» Stored data:
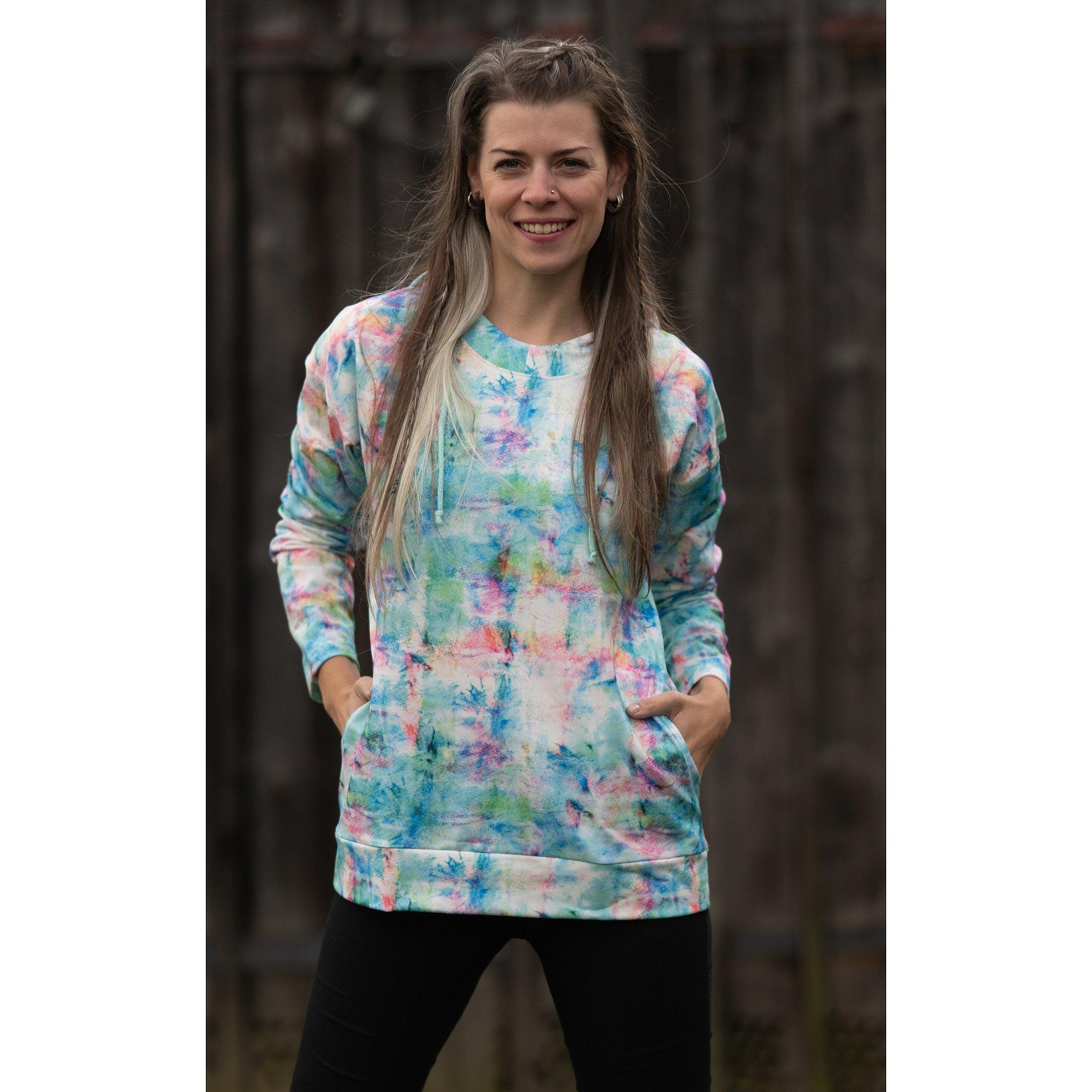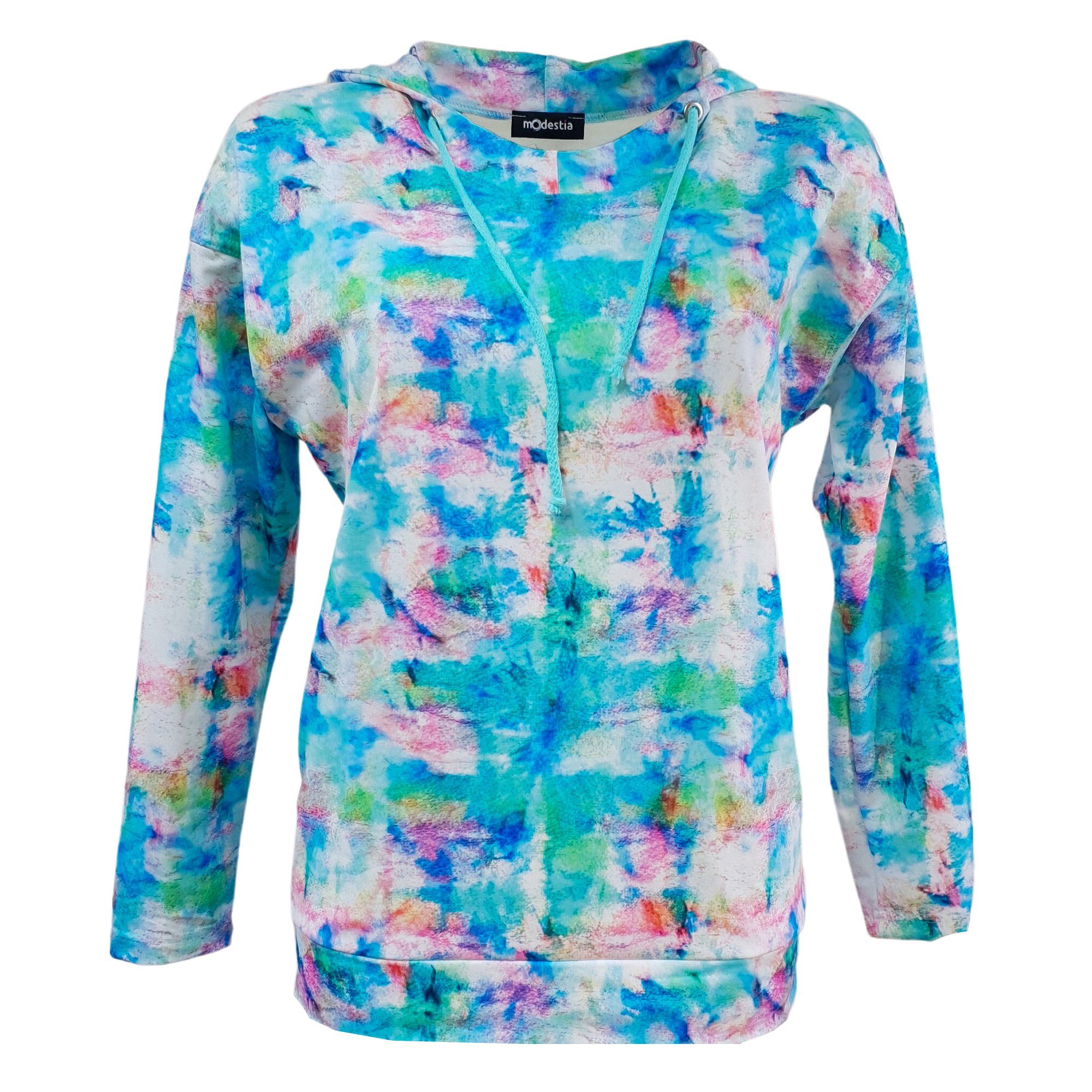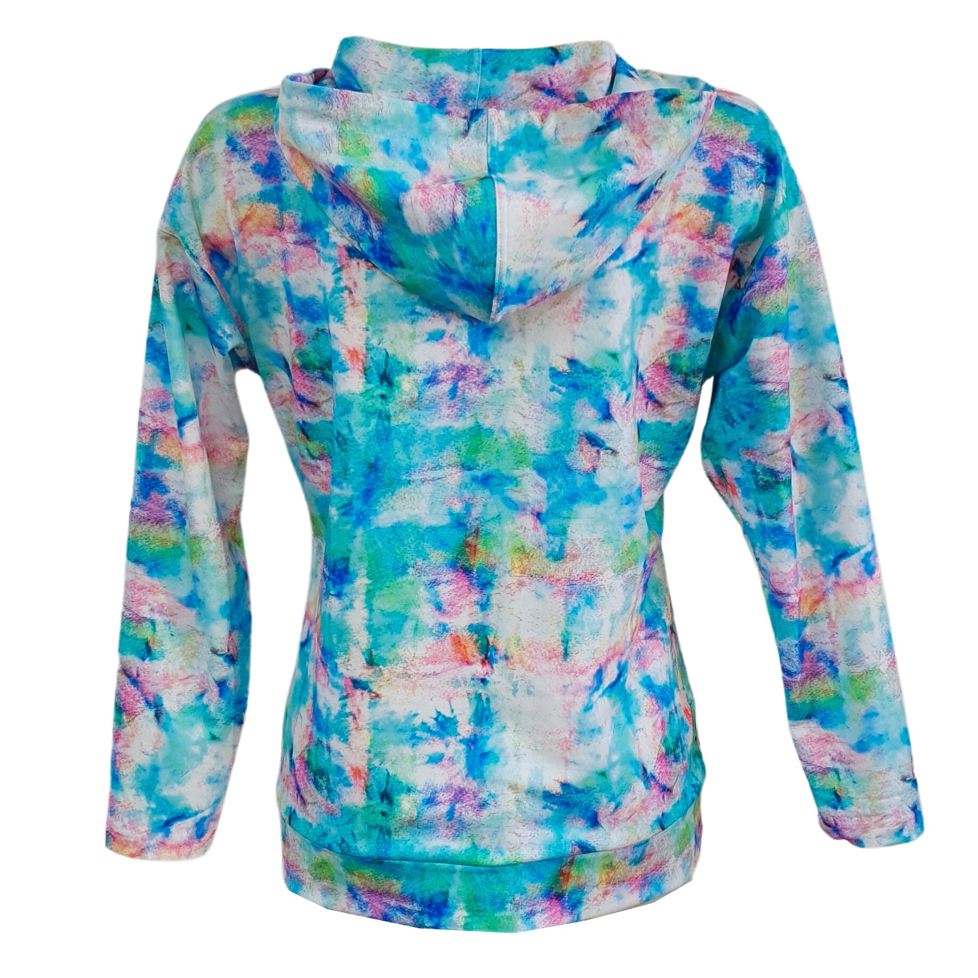 Bílá slabší mikina s barevným tiskem, s dvojitou kapucí a bočními kapsami. Tady je video. Pereme v pračce na 30°. 73%polyester 21% viskóza 6% elastan
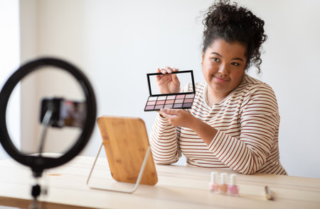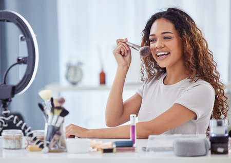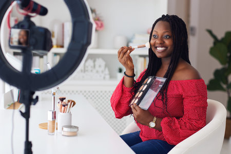 happy young african american woman streaming a beauty vlog from home, online content creator applying a makeup on
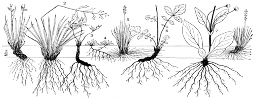 1 — осока бледная; 2 — щучка дернистая; 3 — лютик едкий; 4 — кошачья лапка; 5 — овсяница овечья; 6 - гравилат речной; 7 — сивец луговой.
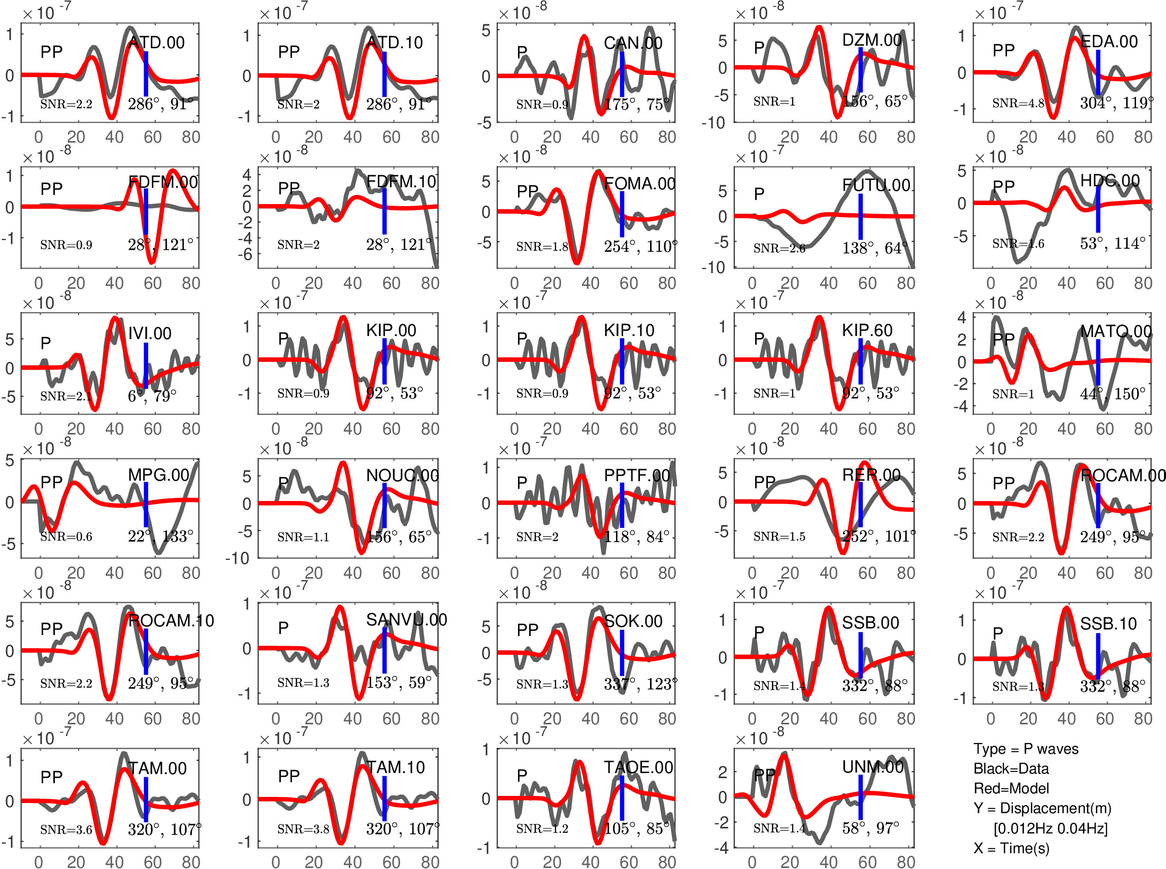 Figure 1: Agreement between data (black) and synthetics (red) for P or PP waves (the type of waves used is indicated in each subfigure). The comparison is shown with a time shift (noted 'Dt1' in Table 1), corresponding to the optimal fit ('Fit1' in Table 1) before the blue tick. Also indicated are the azimuth and distance of the station, and the signal to noise ratio (SNR). Note that the prediction done for PP waves is expected to be less accurate than the one for P waves.

» Your task:
When you repeat the material, keep every word exact and drop the pictures.

» Task result:
 Bílá slabší mikina s barevným tiskem, s dvojitou kapucí a bočními kapsami. Tady je video. Pereme v pračce na 30°. 73%polyester 21% viskóza 6% elastan
 happy young african american woman streaming a beauty vlog from home, online content creator applying a makeup on
 1 — осока бледная; 2 — щучка дернистая; 3 — лютик едкий; 4 — кошачья лапка; 5 — овсяница овечья; 6 - гравилат речной; 7 — сивец луговой.
 Figure 1: Agreement between data (black) and synthetics (red) for P or PP waves (the type of waves used is indicated in each subfigure). The comparison is shown with a time shift (noted 'Dt1' in Table 1), corresponding to the optimal fit ('Fit1' in Table 1) before the blue tick. Also indicated are the azimuth and distance of the station, and the signal to noise ratio (SNR). Note that the prediction done for PP waves is expected to be less accurate than the one for P waves.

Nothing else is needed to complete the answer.